He had borrowed money from every man in the office, and was in the habit of drinking brandy and soda during hours, and of smoking upon the big leather sofa until the janitor, at dark, shook him to his senses. After this he spent all his time at the Turf and Jockey, for he still kept his name at this unsavory institution; he led much the same life there as at the government office, save that the club servants let him sleep on the sofa until morning if he chose, and he earned no pay while he slumbered. As a counterbalance, the brandy and soda was cheaper and better than that which had been sent to him from the public house opposite to the Stamp and Sealing Wax, and he had all his time to devote to his system, while in the office he had occasionally a little writing to do.

Mrs. Carey had been living in her husband's lodging for three weeks after her interview with the King, in the night before Aldershot. All the world was wild over the attempted revolution, the trial of the state prisoners and the escape of the King to France—all the world but Oswald Carey, who gave no thought to what passed on around him; he made deep calculations upon his "system" at the club between his draughts of "B. and S.," and played with other wrecked gamesters, until he lost his ready money, for his "system" worked to a charm conversely—his opponents infallibly won. Early in the morning he would stumble home to his lodgings cursing his luck.

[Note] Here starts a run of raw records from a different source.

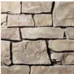
VENETIAN COBBLE Biella S5905-5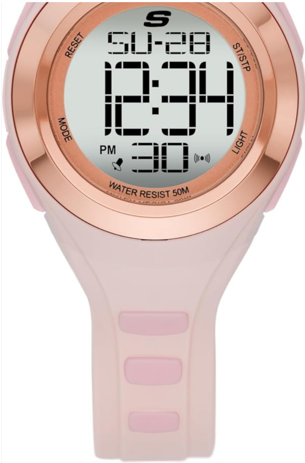
Image 1: Front view of the Skechers Tennyson Digital Watch, displaying the time, date, and various icons.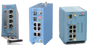
SecFlow Industrial IoT Gateway with Edge Computing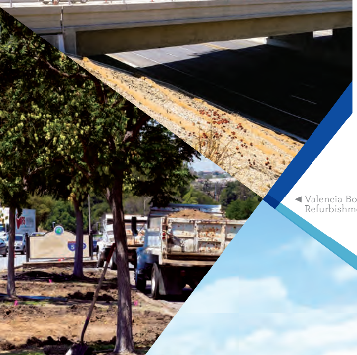
◀ Valencia Boulevard Median Refurbishment Project

The City has completed widening the Golden Valley Road Bridge which has been renamed as the Connie Worden-Roberts Memorial Bridge in remembrance of a local advocate and Santa Clarita community leader. The multi-million dollar project improves traffic flow entering and exiting the 14 Freeway via Golden Valley Road. An additional two lanes of travel have been added, one in each direction, for a total of four through lanes. Additional improvements include a dedicated left turn lane for the southbound 14 Freeway, two left turn lanes for the northbound 14 Freeway and a protected path for pedestrians and cyclists on the south side of the bridge.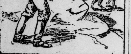
SPORT IN ARIZONA. (Hunting Expedition to Exterminate Mountain Lions.)

At one time the California lion was to be found in all parts of Arizona, but large territorial and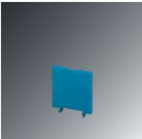
End cover, length: 28 mm, width: 2.5 mm, height: 30.2 mm, color: blue

Please be informed that the data shown in this PDF Document is generated from our Online Catalog. Please find the complete data in the user's documentation. Our General Terms of Use for Downloads are valid ( http://phoenixcontact.com/download )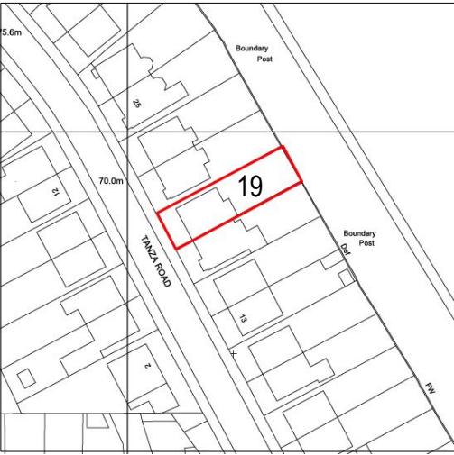
Key plan: 19 Tanza Road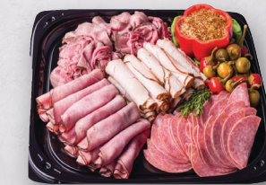
Meat Lover's Tray 12" serves 12-16 | 16" serves 20-25 18" serves 25-30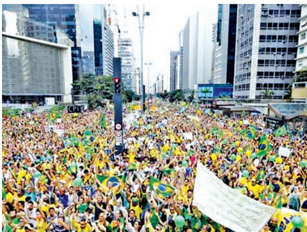
Demonstrators attend a protest against Brazil's President Dilma Rousseff at Paulista avenue in Sao Paulo on 15 March, 2015.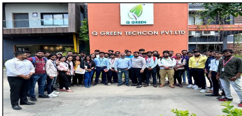
Industrial Visit at Q Green Techcon Pvt. Ltd.

Industrial visits are very important for every Engineering or Management student as it provides a clear picture to the upcoming management in the making who have the zeal for a bright future. The rationale of the professional program at Ganpat University Centre for Entrepreneurship is not only the theoretical learning inside the classrooms or just completion of syllabus but its sole objective is to have practical edge with all basic's aspects of entrepreneur's life.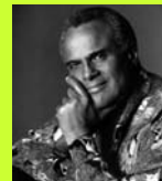
Harry Belafonte: Jump in the Line

On the morning of his wife's departure to join the King in France, she had informed him, as he sat at the breakfast-table, holding his aching head in one hand, that she was going to Paris to buy some new gowns, and that she would not be back for some time, but that during her absence her bankers would pay him $100 every week. He begged for more money, but his request was refused, and his wife coldly shook hands with him, and retired to her room to superintend her maid's packing. Oswald believed her story, and, finding that he could eat no breakfast, put on his top coat and crawled to the Turf and Jockey for a "pick-me-up." Fortified by this, he made up his mind that, since his "system" had failed because he had had always too small a capital to work with, he would allow his allowance to roll up at the bank for three weeks before he began play again.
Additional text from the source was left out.